A pair of Israeli policy thinkers recently described their nation’s approach to dealing with Hamas the same way—a “mowing the grass” strategy—that, while not a long term solution, is the best-bad way to deal with a “protracted intractable conflict.” America faces the same long-war from radical Islamists. Mowing the grass means the focus will not be on defeating dangerous actors—like the Islamic State, Al Qaeda, the Taliban (Afghanistan and Pakistan-type), Hezbollah, Al Nusra Front and others—but merely on degrading their ability to strike U.S. interests.

This pragmatic, if blunt, approach requires military assets America still has: power-projection platforms, small, regional footprints, intelligence networks, technological advantages, highly skilled operators, and a Congressional “authorization for use of military force against terrorists.” It also includes influence the White House can still muster: collaboration with global and local allies and shoring up congressional will. For years, America has quietly been “at war” with radical Islamists in Yemen who seek international reach, yet the public shrugs. Why not replicate this approach elsewhere?

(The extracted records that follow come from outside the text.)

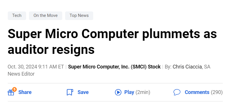 I began covering Super Micro Computer, Inc. (NASDAQ:SMCI) stock here on Seeking Alpha in early December 2022, initially assigning a “Strong Buy” rating. However, by June 2023, I downgraded it to a “Hold.” At one point, I reconsidered my stance and upgraded the rating, but in mid-September 2024, I downgraded it once more, citing concerns about the company’s potentially “shaky situation” despite the hefty dip it experienced since early 2024. Today’s news and the subsequent price action have validated my decision, as the stock has plummeted over 30% in a single trading day.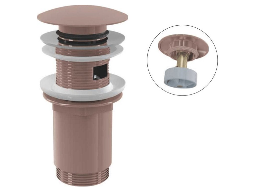 ALCA Výpust umyvadlová CLICK/CLACK G 5/4" s přepadem, velká zátka, kov, RED GOLD-kartáčovaný mat A392-RG-B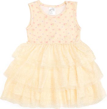 This darling dress combines a sweet, soft printed top with three dazzling layers of yellow tulle, making every twirl a magical moment.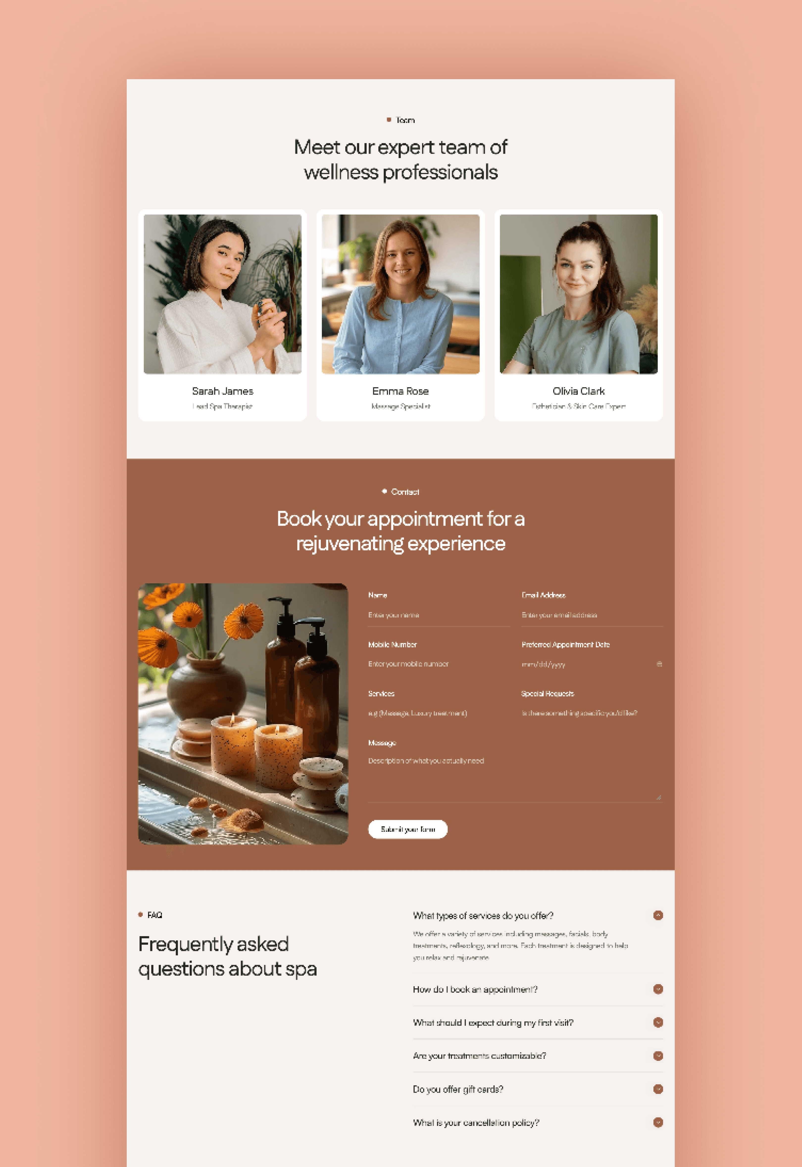 A refined design template for spas, delivering a luxurious, calming online experience with strong visual appeal and high conversion.

Preferably, diplomatic progress, economic incentives, and international cooperation would suffice; but as Obama has discovered the hard way, the world exists as it is—not as we wish it to be. With Obama at the helm, and U.S. power diminished, these softer approaches simply have not worked. As such, mowing the lawn—killing those who seek to destroy us, our allies, and our way of life—is the most judicious application of U.S power in the next two years. The president has shown a begrudging willingness to use this power in the past (see Bin Laden raid and drone strikes) and has an incentive not to leave the world completely aflame in 2017.

This approach won’t work everywhere—it doesn’t provide a satisfying answer for meeting Putin’s aggression in Ukraine, for instance, or for dealing with the inevitable next round of madness from North Korea. It’s essentially a strategy of “muddling through”—or “whack-a-mole” where we actually whack—until the White House is occupied by a commander in chief who grasps the concept that a) America has enemies; b) only America can confront those enemies; and c) and American power is essential to a stable and secure world order.

The dark lesson of the past six years, as our adversaries grasped and Obama never did, is that power vacuums invite challenge and violence. Yet unlike his domestic policies, Obama’s failures are America’s failures—and things could get much worse in two years; turning our unkempt lawn into intractable thicket. We must help mow the rapidly growing grass until a real lawn-care professional arrives on scene.